TRIBUNNEWS.COM - Seorang juru bicara otoritas transisi baru Suriah telah menimbulkan kemarahan luas setelah pernyataan kontroversial tentang peran dan dugaan “sifat” perempuan dalam wawancara sebuah program TV.
"Seorang wanita merupakan elemen penting dan terhormat dalam masyarakat, tetapi tugasnya harus sesuai dengan peran yang dapat dijalankannya," buka Obeida Arnaout , juru bicara otoritas politik baru Suriah kepada stasiun televisi Lebanon Al-Jadeed.
"Misalnya, jika kita katakan seorang wanita bertanggung jawab atas kementerian pertahanan, apakah ini sesuai dengan keberadaannya dan sifat psikologis serta biologisnya? Tidak diragukan lagi bahwa ini tidak sesuai, " ucapnya.
"Bisakah dia menjalankan tugas dan tanggung jawab yang melekat pada peran ini seperti seorang pria? Menurut saya, dia tidak bisa."
Arnaout menambahkan bahwa perempuan akan diizinkan untuk mengambil "peran apa pun yang dapat mereka lakukan", dan mengatakan bahwa peran yang diizinkan akan "ditentukan oleh komite konstitusional".
Ia juga mengatakan, wanita Kristen dan wanita dari sekte lainnya tidak akan dipaksa mengenakan jilbab, setelah pemimpin HTS Ahmad Al-Sharaa memicu kontroversi dengan meminta seorang wanita non-hijabi untuk mengenakan jilbab di hadapannya.
Ketika ditanya apakah perempuan akan dibolehkan menjabat sebagai hakim, Arnaout mengelak.
"Terkait apakah seorang perempuan dapat menduduki jabatan peradilan, ini bisa menjadi bidang studi dan penelitian bagi para spesialis.
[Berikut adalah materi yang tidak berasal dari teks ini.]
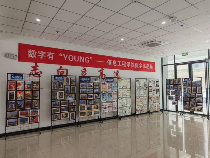 12月1日至5日,信息工程学院在双创一楼举办“数字有YOUNG”数字作品展。展览以党建为引领,紧扣“立德树人”根本任务,将思政教育与数字创作深度融合,集中呈现学生在数字技术应用与艺术创作领域的优秀成果。
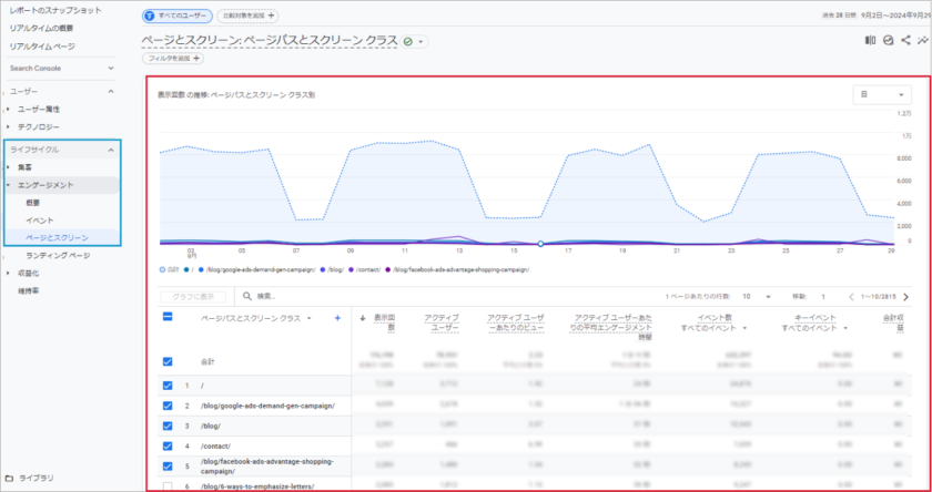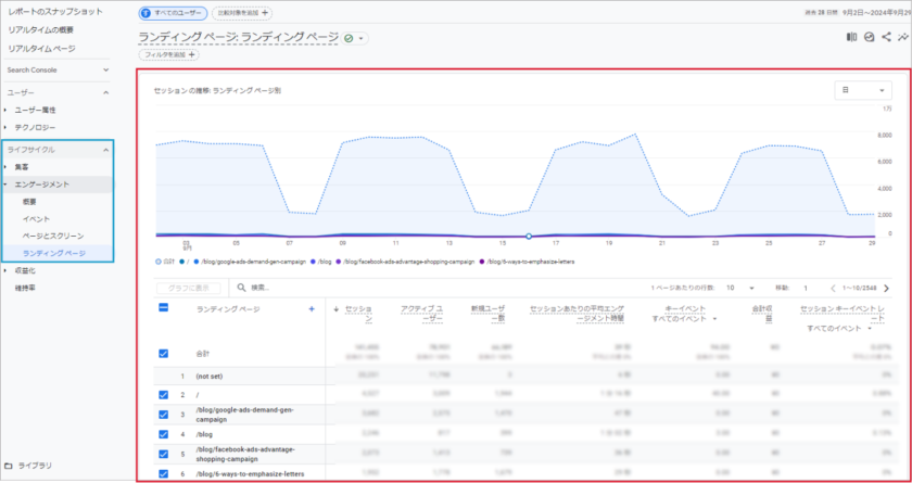 GA4ホーム画面「レポート」>「ライフサイクル」>「エンゲージメント」>「ランディングページ」をクリックで閲覧できます。

Masih terlalu dini untuk membicarakan hal seperti ini sejauh menyangkut perempuan," katanya.
Adapun sejak memimpin serangan pemberontak yang menggulingkan diktator lama Suriah Bashar al-Assad, kelompok Islam Hayat Tahrir al-Sham telah berupaya memberikan jaminan bahwa mereka akan menghormati hak-hak perempuan dan kaum minoritas di Suriah yang baru.
Dalam wawancara dengan BBC pada hari Rabu, Al-Sharaa mengatakan bahwa pendidikan bagi perempuan akan terus berlanjut dan Suriah tidak akan diperintah seperti Afghanistan yang diperintah Taliban.
Namun, komentar seksis Aranaout disambut dengan rasa khawatir dan marah oleh para wanita Suriah, sembari memicu ejekan di media sosial.
Baca juga: Niat Erdogan Habisi ISIL dan Pejuang Kurdi di Suriah, Termasuk Militan yang Dibela AS
Rafif Jouejati, Wakil Presiden Ahrar, Partai Liberal Suriah , mengatakan kepada The New Arab bahwa komentar Arnaout menunjukkan "ketidaktahuannya yang mendalam mengenai peran yang dimainkan perempuan Suriah setiap hari dalam semua aspek kehidupan".
"Wanita Suriah tidak berjuang dalam revolusi kami demi kebebasan, demokrasi, dan kesetaraan selama lebih dari 13 tahun agar dia mengeluarkan pernyataan yang bertentangan dengan semangat dan tujuan revolusi."
Ia mengimbau Arnaout untuk segera menarik kembali dan meminta maaf atas komentarnya, sembari mengatakan HTS harus bertemu dengan organisasi-organisasi perempuan, sehingga Arnaout dan pejabat lainnya "dapat lebih terdidik mengenai kemampuan perempuan untuk memimpin di ruang publik, di kementerian, termasuk ya - pertahanan.